So what on earth are the Love Languages?

Every year I am obligated by law to undergo ongoing professional development to make sure that I am up to date with everything from the law to current trends as well as to ensure that I am updated and fulfilling my duties so that I can deliver the best service to you!

I loved this information that I wanted to share with you all as I found this very interesting. I printed this off and showed my Scotty –it’s been 23 years and I thought he needed some refreshing!!!

This is from Dr Chapman’s book “The Five Love Languages” and

discusses the five love languages with couples, namely:

1. Words of Affirmation

These are verbal compliments, or words of appreciation. Mark Twain once said: “I can live for two months on a good compliment.”

Encouraging words require empathy and seeing the world from a partner’s perspective.

We must first learn what is important to our partner. Only then can we believe in them and their abilities.

Kind words – the manner in which we speak is exceedingly important, e.g.

• That was a lovely meal

• You’ve made a fantastic job of mowing the lawns

• That colour really suits you

• My wife is a wonderful mother

Humble words – making requests, not demands. A request introduces the element of

choice. Language with request is politeness.

2. Quality Time

This love language is about togetherness, giving each other focused attention.

It doesn’t mean sitting and watching television together or just existing in the same proximity. The important thing is emotionally spending focused time with each other.

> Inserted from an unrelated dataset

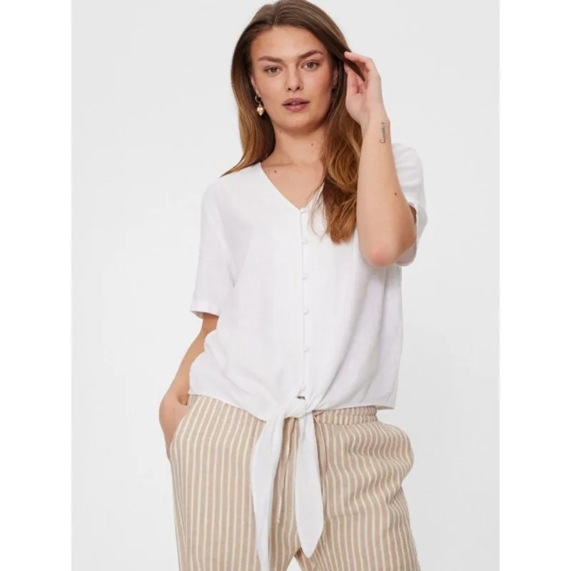 Blouse van Freequent in een lichte stof. De blouse heeft een vlot mode met een knoopsluiting aan de voorkant, korte mouwen, een casual pasvorm en strikbandje aan de onderkant voor een speels effect. Materiaal: 55% linnen 45% viscose. Patroon: effen. Valt op de maat. Wasvoorschrift: Machine Was 30 ° C fijne was. Niet in de droogtrommel. Krimp waarschuwing - kan in de wasmachine met maximaal 5% krimpen.

Conversation – this involves the couple sharing experiences, thoughts, feelings and desires in a friendly, uninterrupted context. Unlike Words of Affirmation, the focus is on what is being heard rather than what is being said.

3. Gifts – giving and receiving

Gifts can be a visual symbol of love, and one of the easiest to learn. A gift is something you can hold in your hand and say “He/she was thinking of me”. The gift itself is a symbol of that thought. It doesn’t matter whether the gift cost money. What is important is the thought of acquiring the gift and giving it as an expression of love.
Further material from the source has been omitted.